===== TASK INPUT =====

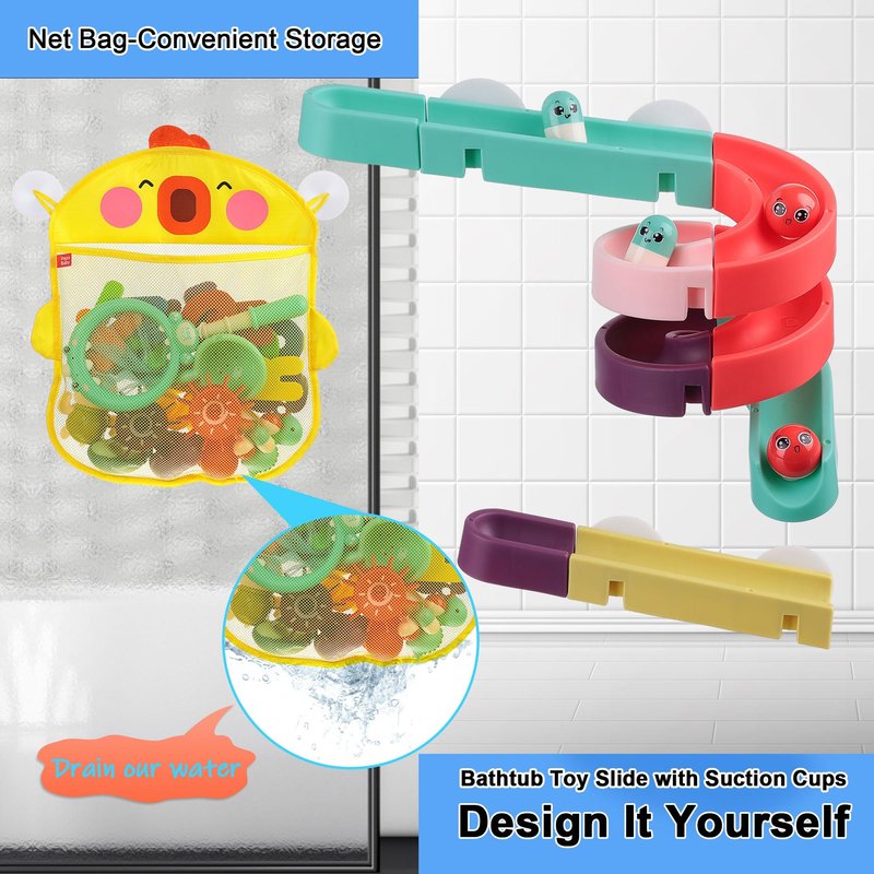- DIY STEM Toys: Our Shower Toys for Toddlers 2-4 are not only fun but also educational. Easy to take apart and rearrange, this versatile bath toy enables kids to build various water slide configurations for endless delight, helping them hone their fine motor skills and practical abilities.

=====
===== TASK INPUT =====

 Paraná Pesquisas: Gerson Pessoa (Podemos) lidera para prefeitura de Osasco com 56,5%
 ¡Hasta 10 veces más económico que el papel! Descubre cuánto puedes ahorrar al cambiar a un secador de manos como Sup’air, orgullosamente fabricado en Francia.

=====

WORK TO COMPLETE >>
Each line in the entries above, starting at the line with "Paraná Pesquisas: Gerson" and ending at the line with "fabricado en Francia.", is to be printed exactly, and only those lines.

RESPONSE TO THIS EXERCISE >>
 Paraná Pesquisas: Gerson Pessoa (Podemos) lidera para prefeitura de Osasco com 56,5%
 ¡Hasta 10 veces más económico que el papel! Descubre cuánto puedes ahorrar al cambiar a un secador de manos como Sup’air, orgullosamente fabricado en Francia.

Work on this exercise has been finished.